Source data
● ● ● ●

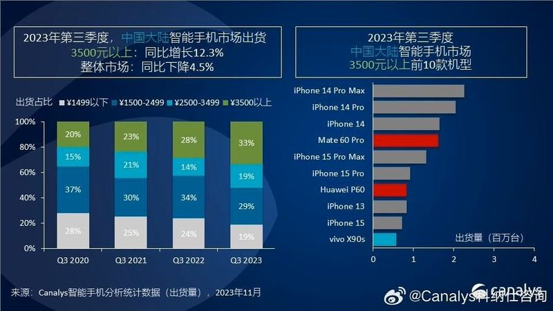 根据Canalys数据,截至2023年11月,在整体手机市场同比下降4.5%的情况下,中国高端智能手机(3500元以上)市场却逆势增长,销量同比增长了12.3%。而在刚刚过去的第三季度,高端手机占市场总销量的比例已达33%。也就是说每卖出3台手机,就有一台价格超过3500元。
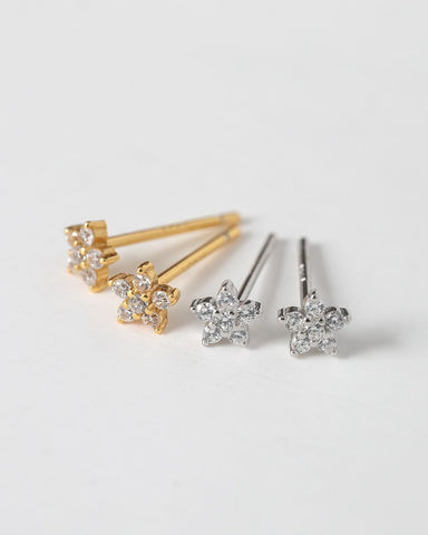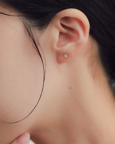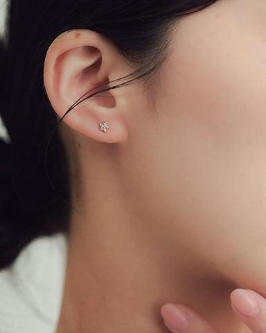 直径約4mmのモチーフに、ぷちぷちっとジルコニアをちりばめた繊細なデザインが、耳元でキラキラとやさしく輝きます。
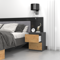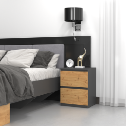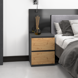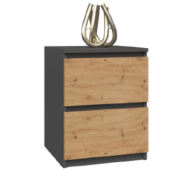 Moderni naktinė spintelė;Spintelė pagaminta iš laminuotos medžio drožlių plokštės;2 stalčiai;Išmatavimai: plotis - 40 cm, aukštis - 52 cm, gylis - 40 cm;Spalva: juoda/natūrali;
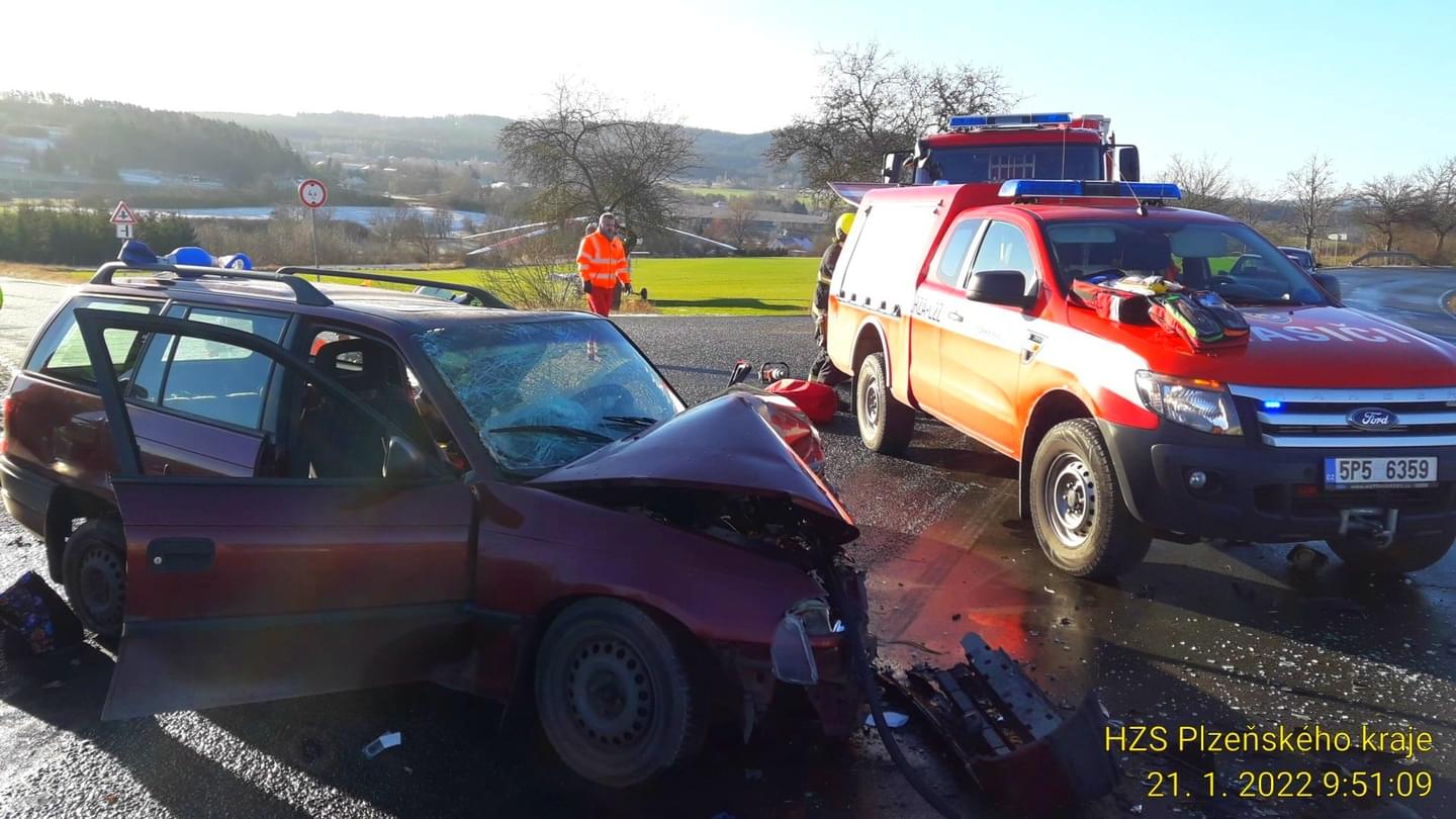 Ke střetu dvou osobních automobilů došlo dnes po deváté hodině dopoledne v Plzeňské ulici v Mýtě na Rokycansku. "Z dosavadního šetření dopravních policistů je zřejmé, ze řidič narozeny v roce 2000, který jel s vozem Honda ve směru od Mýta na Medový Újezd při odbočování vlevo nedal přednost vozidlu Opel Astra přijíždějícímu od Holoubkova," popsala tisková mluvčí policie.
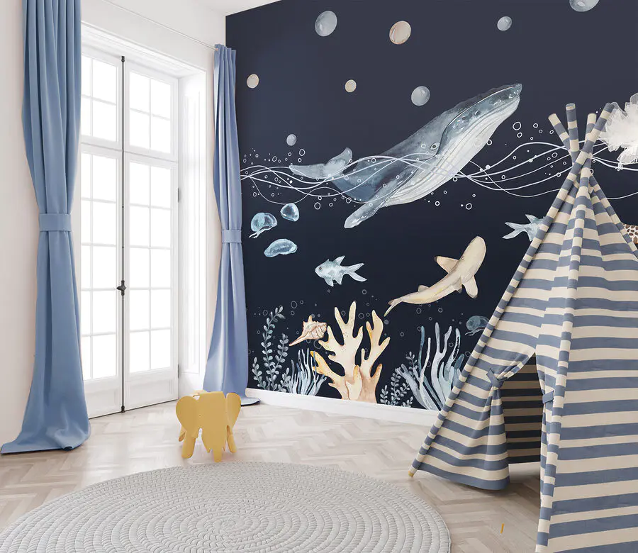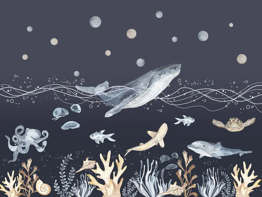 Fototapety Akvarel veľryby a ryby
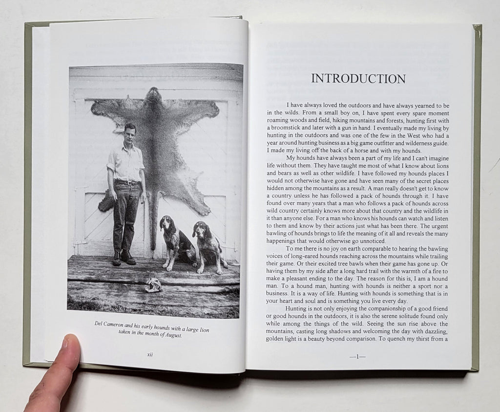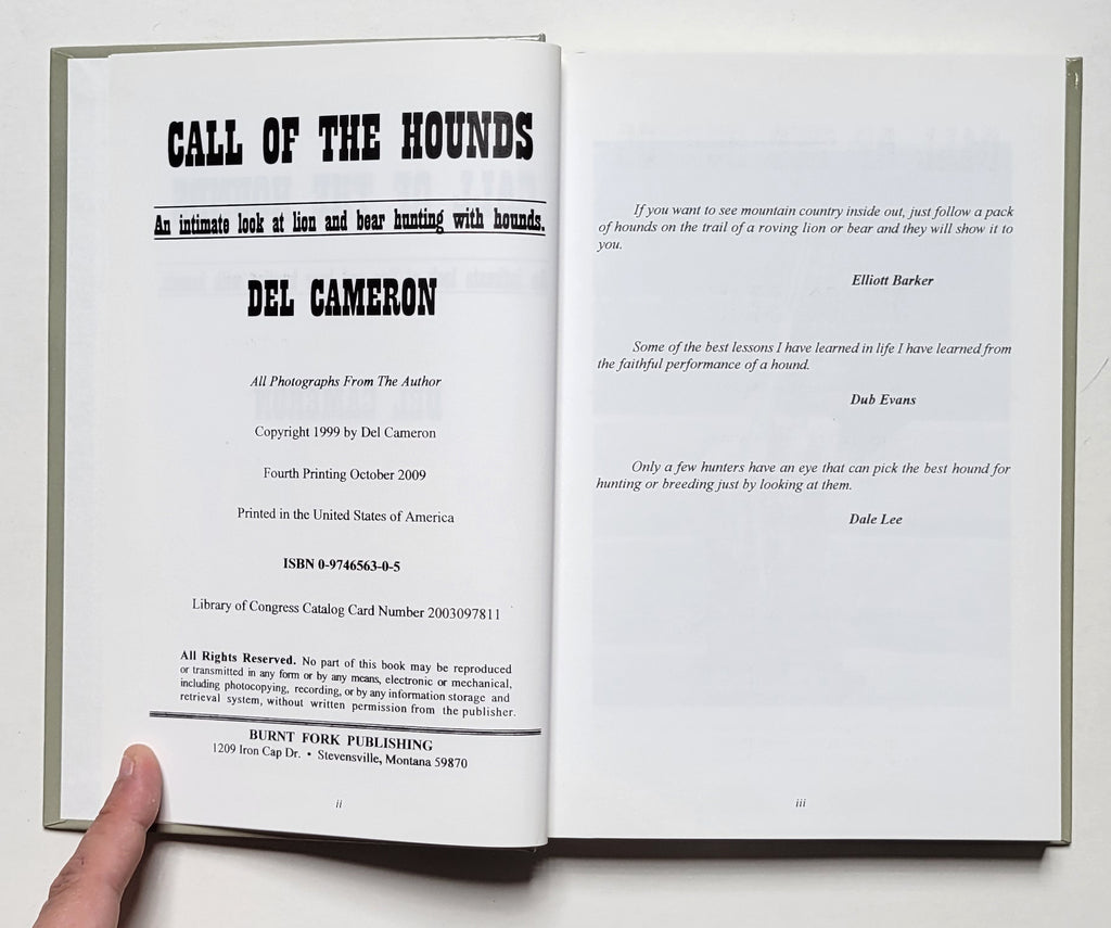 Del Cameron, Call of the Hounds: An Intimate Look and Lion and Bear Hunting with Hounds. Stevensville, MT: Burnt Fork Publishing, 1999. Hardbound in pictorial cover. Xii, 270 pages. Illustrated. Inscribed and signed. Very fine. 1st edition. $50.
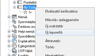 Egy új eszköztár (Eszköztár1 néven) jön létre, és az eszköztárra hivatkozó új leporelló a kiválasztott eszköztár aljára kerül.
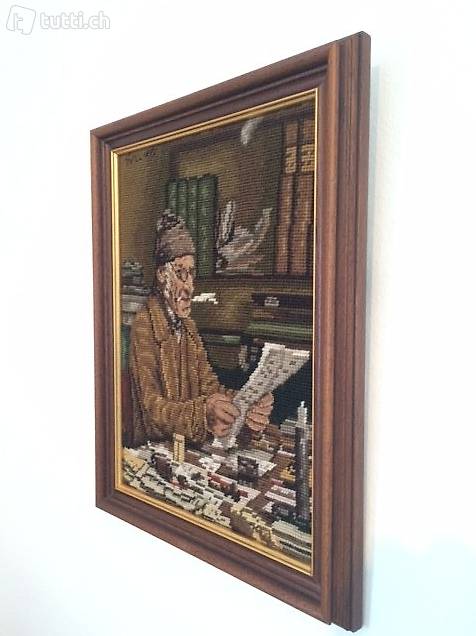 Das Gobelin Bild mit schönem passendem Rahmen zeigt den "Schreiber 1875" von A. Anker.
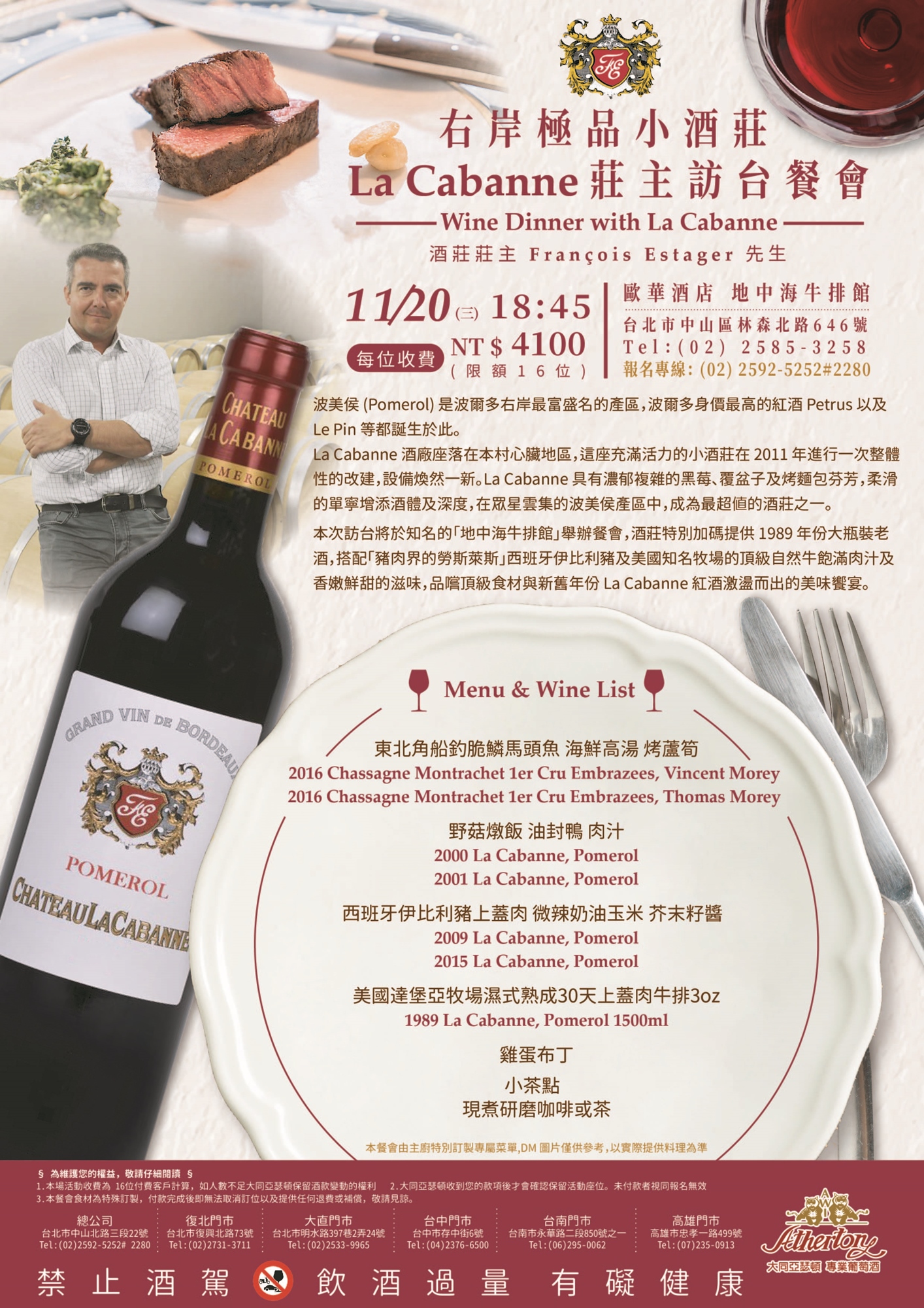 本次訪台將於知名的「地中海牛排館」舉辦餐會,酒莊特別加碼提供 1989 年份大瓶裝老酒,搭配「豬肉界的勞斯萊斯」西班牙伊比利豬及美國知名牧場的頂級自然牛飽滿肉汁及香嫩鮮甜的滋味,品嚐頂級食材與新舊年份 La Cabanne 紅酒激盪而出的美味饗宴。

● ● ● ●

WORK TASK: The required answer is the lines from the one that contains "Das Gobelin Bild" through the last line of the records, restated word for word, with every picture dropped.

RESULT FOR THIS EXERCISE:
 Das Gobelin Bild mit schönem passendem Rahmen zeigt den "Schreiber 1875" von A. Anker.
 本次訪台將於知名的「地中海牛排館」舉辦餐會,酒莊特別加碼提供 1989 年份大瓶裝老酒,搭配「豬肉界的勞斯萊斯」西班牙伊比利豬及美國知名牧場的頂級自然牛飽滿肉汁及香嫩鮮甜的滋味,品嚐頂級食材與新舊年份 La Cabanne 紅酒激盪而出的美味饗宴。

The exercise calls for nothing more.